Another example can be a travel portal, whose clients need to communicate with many other systems to plan their traveling. Integration between an in-house system and external partners can happen in different levels, from communication protocol and data format to security policies, authentication, and authorization. Because of the variety of communication models, policies, and client types that each partner may use, unifying the security model is almost impossible and the urge for some kind of integration mechanism shows itself bolder and bolder.

SSO as a concept and OpenSSO as a product address this urge for integrating the systems’ security together.
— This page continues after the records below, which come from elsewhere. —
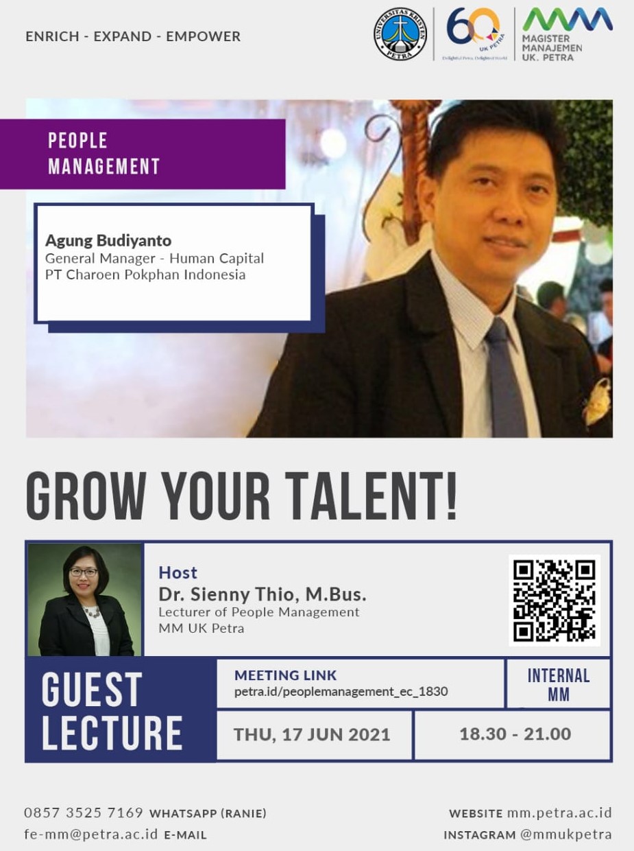 Kamis, 17 Juni 2021, jam 18.30 WIB Program Magister Manajemen UK Petra mengadakan kuliah tamu dengan topik: grow your talent. Acara ini dilaksanakan secara daring dengan narasumber Agung Budiyanto dan sebagai host Dr. Sienny Thio M.Bus.
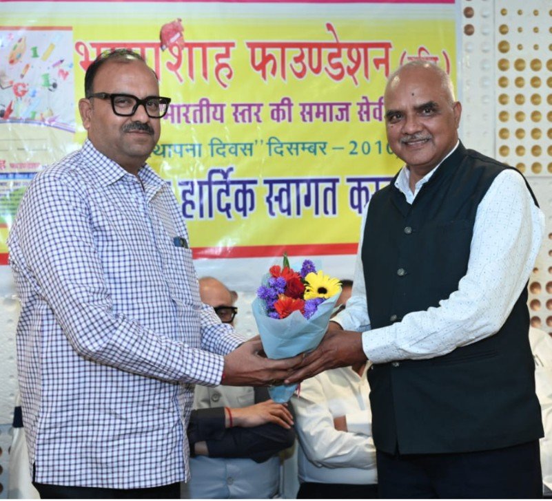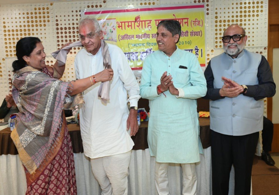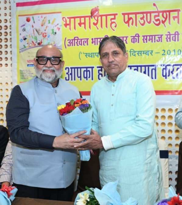 विशेष आग्रह पर भामाशाह संस्था की ओर से श्री जगदीशचन्द्र शर्मा महाराज (अध्यक्ष – अहमदाबाद मेटल मर्चेंट महामंडल) का शॉल एवं गुलदस्ते से श्रीमती प्रतिभा बेन जैन (महापौर- मेयरश्री अहमदाबाद) दरियापुर के लोकप्रिय विधायक श्री कौशिकभाई जैन राजस्थान हॉस्पिटल के अध्यक्ष श्री पी. आर. कांकरिया द्वारा हार्दिक अभिनंदन किया गया।
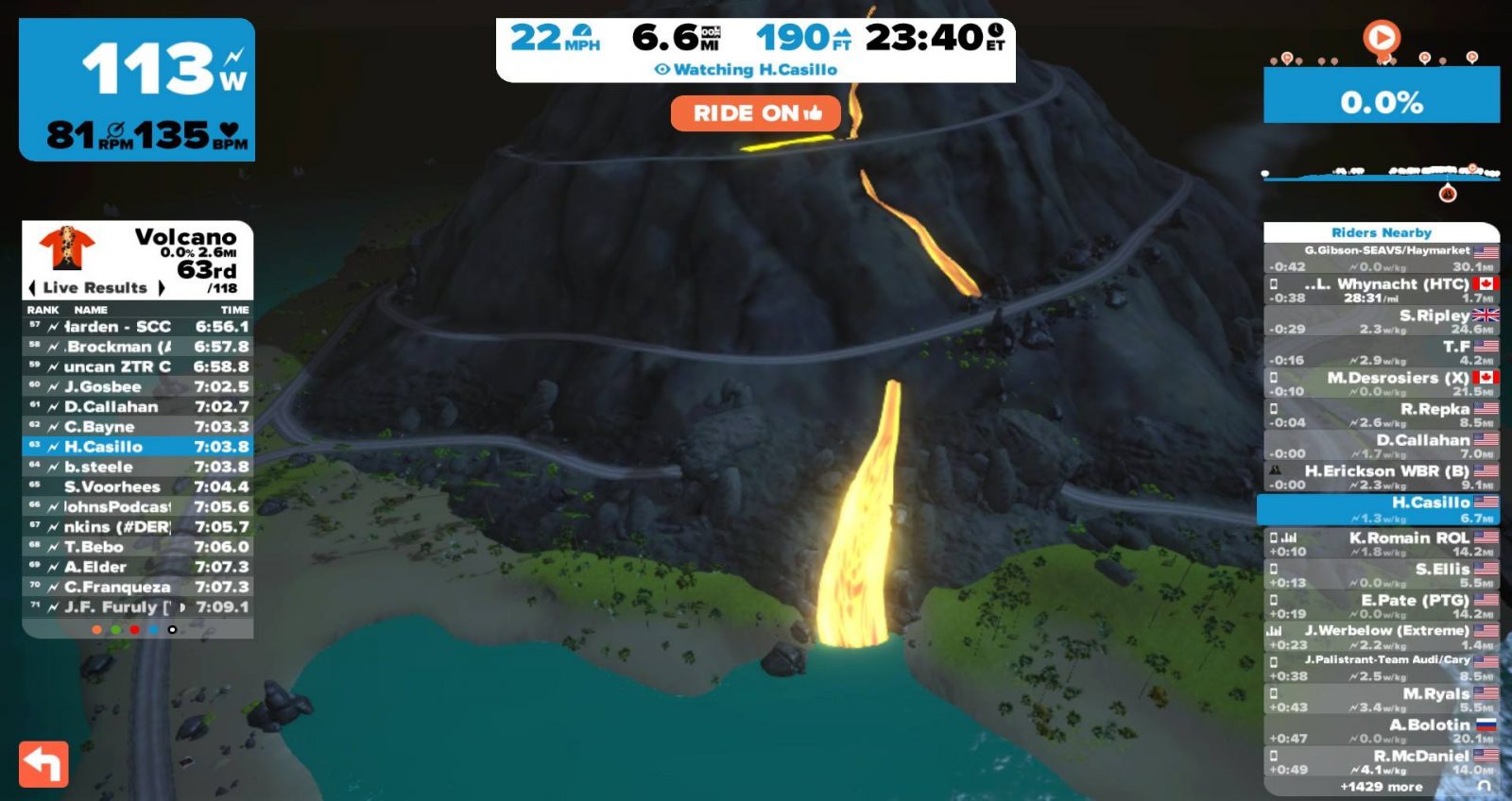 - Volcano Flat: similar to current Flat Route except you hang a left at the Italian Village and ride around the northern leg of the volcano circuit clockwise then back out through the ocean tunnel and onto the main road and the start/finish banner. Route Details >
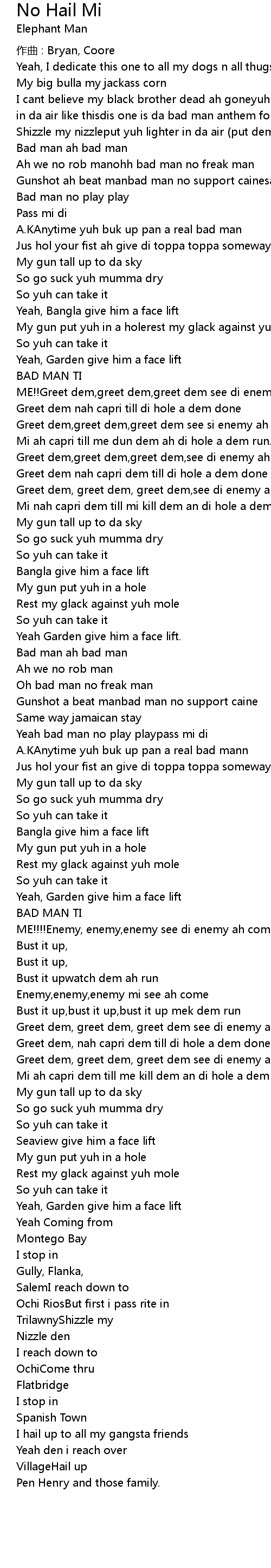 | Gunshot ah beat manbad man no support cainesame way jamaican stay | |
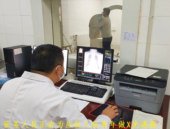 本次体检内容包括血常规、肝功、肾功、尿常规、B超、心电、X光透视、血压、听力、视力、嗅觉、身高、体重等检查内容,全面检测应征入伍青年身体健康状况。检查中,体检小组医生仔细对照应征人员身份信息,认真对其开展各项身体检查,如实填写体检结果,确保体检结果真实有效,严格把好征兵体检关。
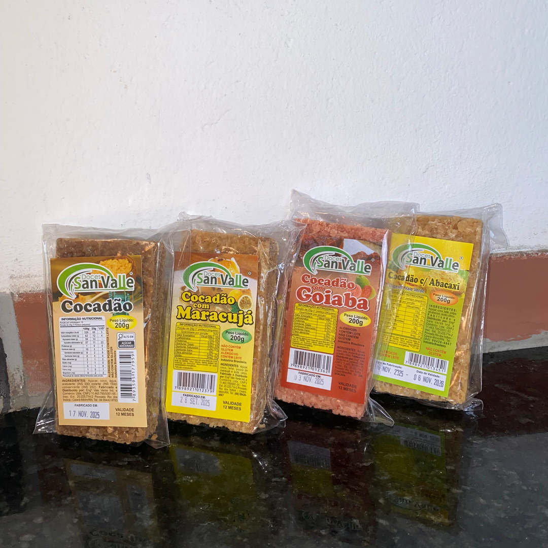 O Cocadão da Engenho Vale Verde é uma deliciosa e versátil iguaria feita com coco fresco de qualidade superior. Disponível nos sabores Natural, Goiaba, Maracujá e Abacaxi, ele oferece uma experiência única a cada mordida, com a suavidade do coco complementada pelas notas frutadas de cada sabor. Sua textura macia e cremosa combina perfeitamente com o toque doce e refrescante das frutas, criando uma verdadeira explosão de sabores. O Cocadão é uma opção irresistível para quem aprecia doces tradicionais com um toque especial.

OpenSSO provides developers with several client interfaces to interact with OpenSSO to perform authentication, authorization, session and identity management, and audition. These interfaces include Client SDK for different programming languages and using standards including:

  • Liberty Alliance Project and Security Assertion Markup Language (SAML) for authentication and single sign-on (SSO)
  • XML Access Control Markup Language (XACML) for authorization functions
  • Service Provisioning Markup Language (SPML) for identity management functions. Using the client SDKs and standards mentioned above are suitable when we are developing custom solutions or integrating our system with partners, which are already using them in their security infrastructure. For any other scenario these methods are overkill for developers. To make it easier for the developers to interact with OpenSSO core services the Identity Web Services are provided. We discussed IWS briefly in OpenSSO functionalities section. The IWS are included in OpenSSO to perform the tasks included in the following table.

Task

Description

Authentication and Single sign-on

Verifying the user credentials or its authentication token.

Authorization

Checking the authenticated user’s permissions for accessing a resource.

Provisioning

Creating, deleting, searching, and editing users.

Logging

Ability to audit and record operations.

IWS are exposed in two models—the first model is the WS-* compliant SOAP-based Web Services and the second model is a very simple but elegant RESTful set of services based on HTTP and REST principles.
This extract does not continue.